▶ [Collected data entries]

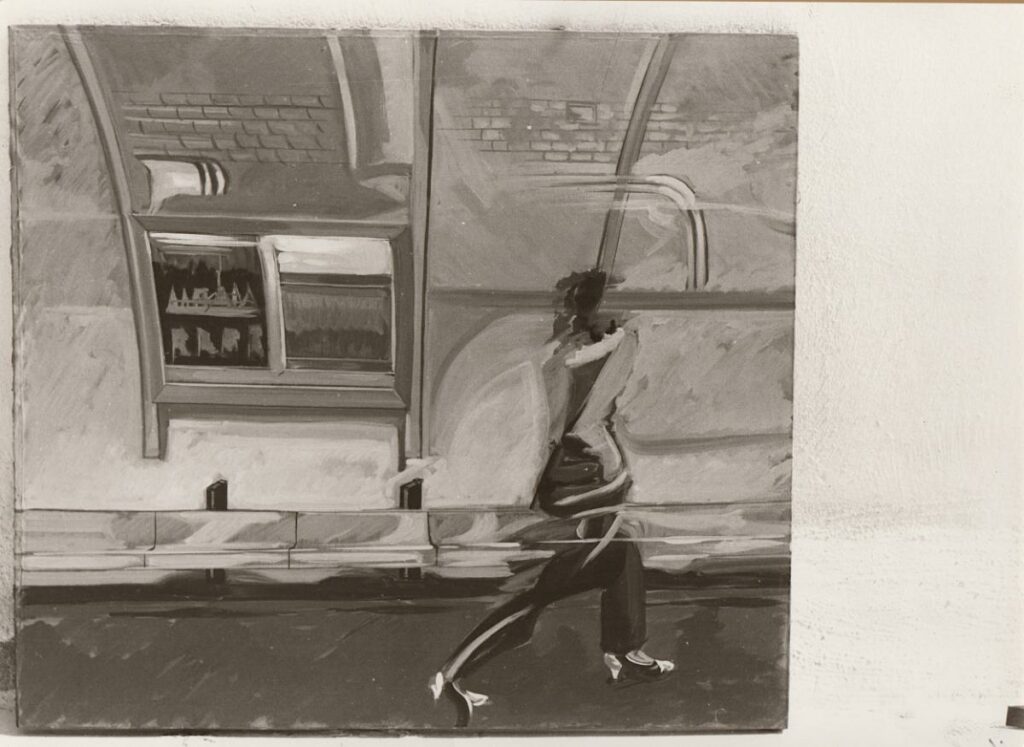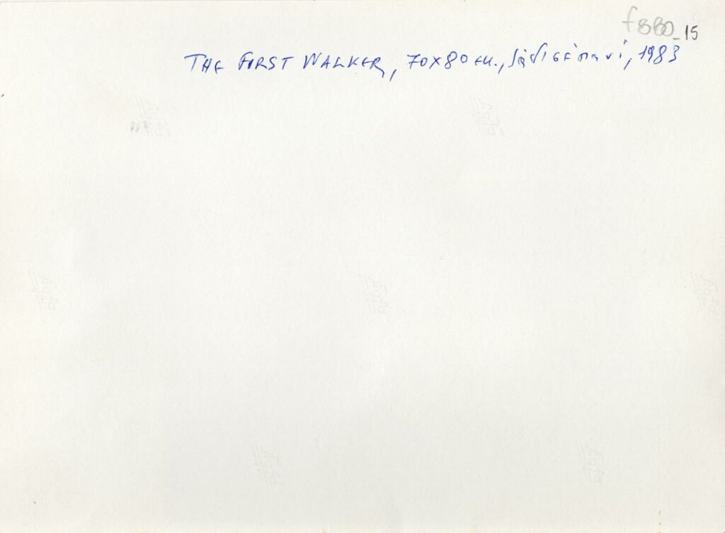 "The first walker", 70x80 εκ., λάδι σε πανί, 1983 (στην πίσω όψη, χειρόγραφη, με μπλε μελάνι, στα αγγλικά και ελληνικά)
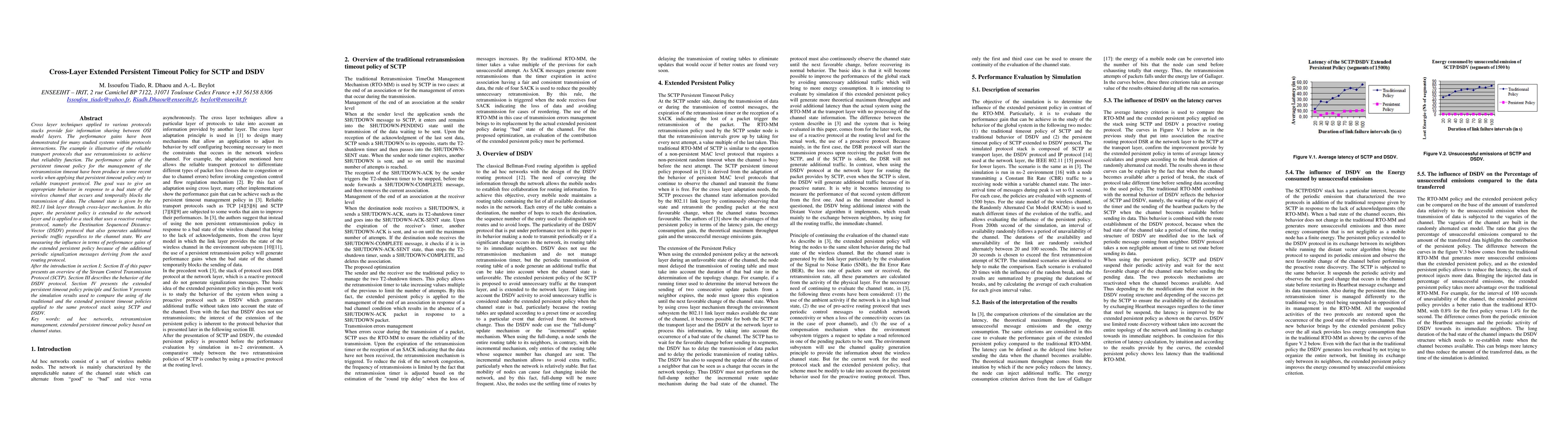 Cross layer techniques applied to various protocols stacks provide fair information sharing between OSI model layers. The performance gains have been demonstrated for many studied systems within protocols interactions. The example is illustrative of the reliable transport protocols that use retransmissions to achieve that reliability function. The performance gains of the persistent timeout policy for the management of the retransmission timeout have been produce in some recent works when applying that persistent timeout policy only to reliable transport protocol. The goal was to give an appropriate behavior in response to a bad state of the wireless channel that occurs and temporally blocks the transmission of data. The channel state is given by the 802.11 link layer through cross-layer mechanism. In this paper, the persistent policy is extended to the network layer and is applied to a stack that uses a reactive routing protocol, namely the Destination Sequenced Distance-Vector (DSDV) protocol that also generates additional periodic traffic regardless to the channel state. We are measuring the influence in terms of performance gains of the extended persistent policy because of the additional periodic signalization messages deriving from the used routing protocol. After the introduction in section I; Section II of this paper presents an overview of the Stream Control Transmission Protocol (SCTP). Section III describes the behavior of the DSDV protocol. Section IV presents the extended persistent timeout policy principle and Section V presents the simulation results used to compare the using of the traditional and the extended persistent timeout policies applied to the same protocol stack using SCTP and DSDV.
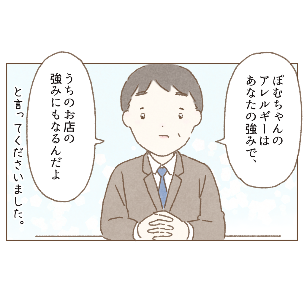 『アレルギーを強みに』すごくいい言葉ですね。アレルギーで苦労したからこそ、アレルギーの人の気持ちに寄り添える。それを『強み』として歓迎してくれる、素敵な職場に出会えて本当によかった!!辛いこともたくさんあるでしょうが、ぽむさんの夢が叶うことを心から祈っています!
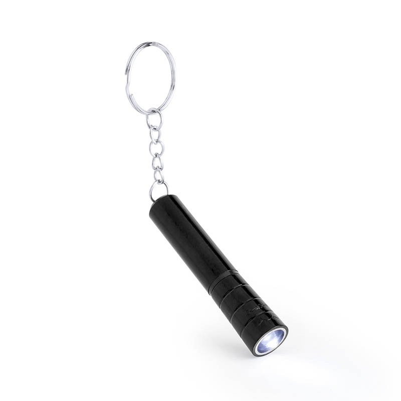 Plastová mini baterka s kovovým vzhľadom s bielym LED svetlom a kovovým príveskom na kľúče. Vrátane gombíkovej batérie.
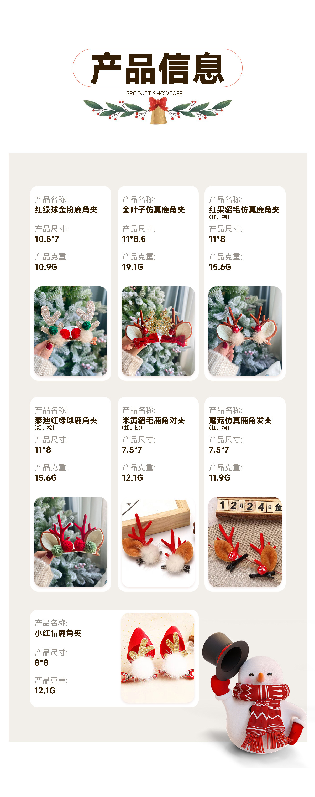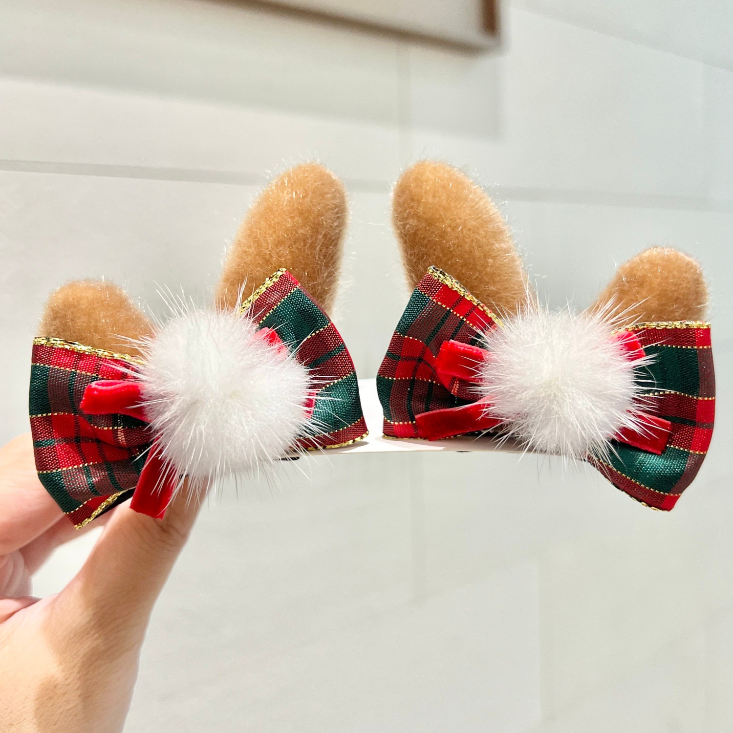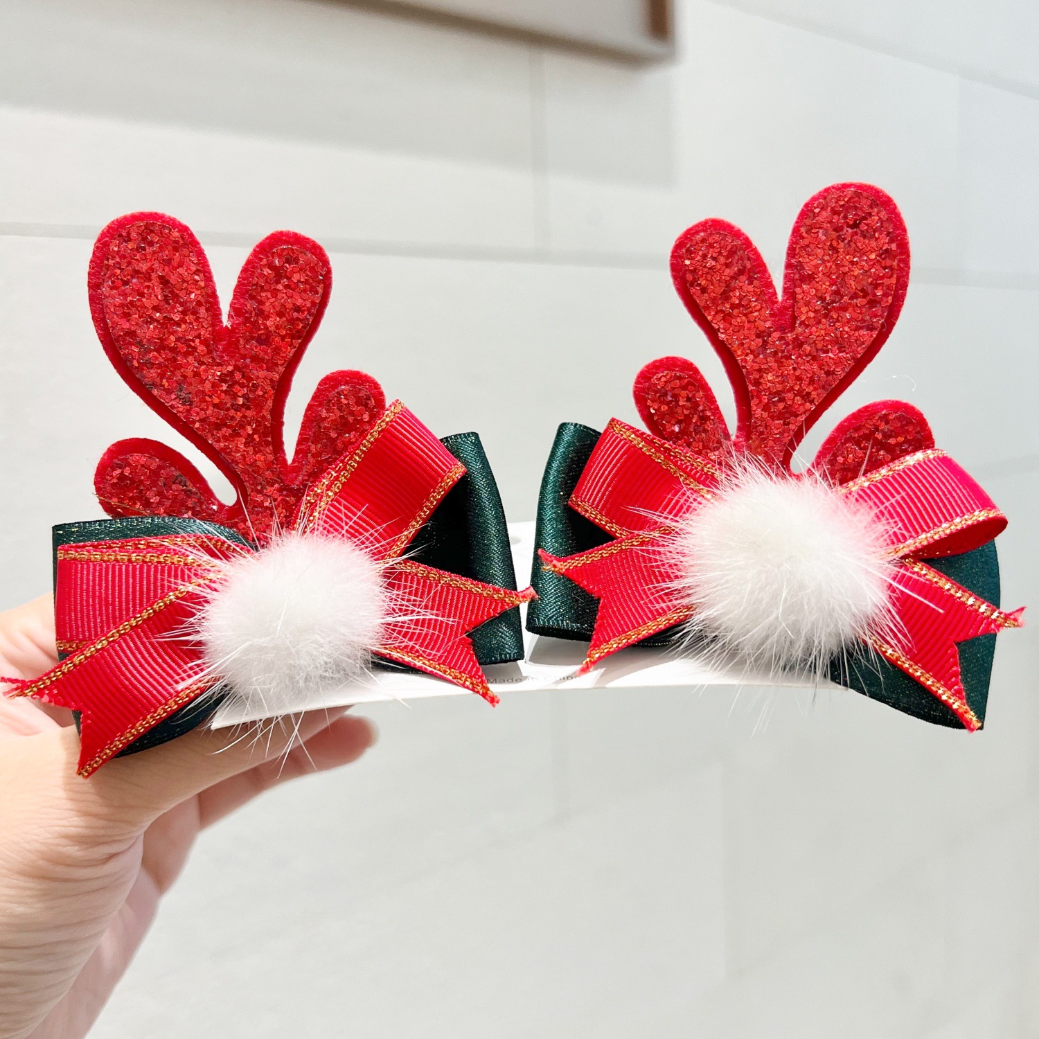mink hair bow red antlers a pair of hairclips

▶ [What you need to do] An exact restatement is expected of the lines from the line containing "Plastová mini baterka" to the end of the data above, pictures excluded.

▶ [Exercise answer]
 Plastová mini baterka s kovovým vzhľadom s bielym LED svetlom a kovovým príveskom na kľúče. Vrátane gombíkovej batérie.
mink hair bow red antlers a pair of hairclips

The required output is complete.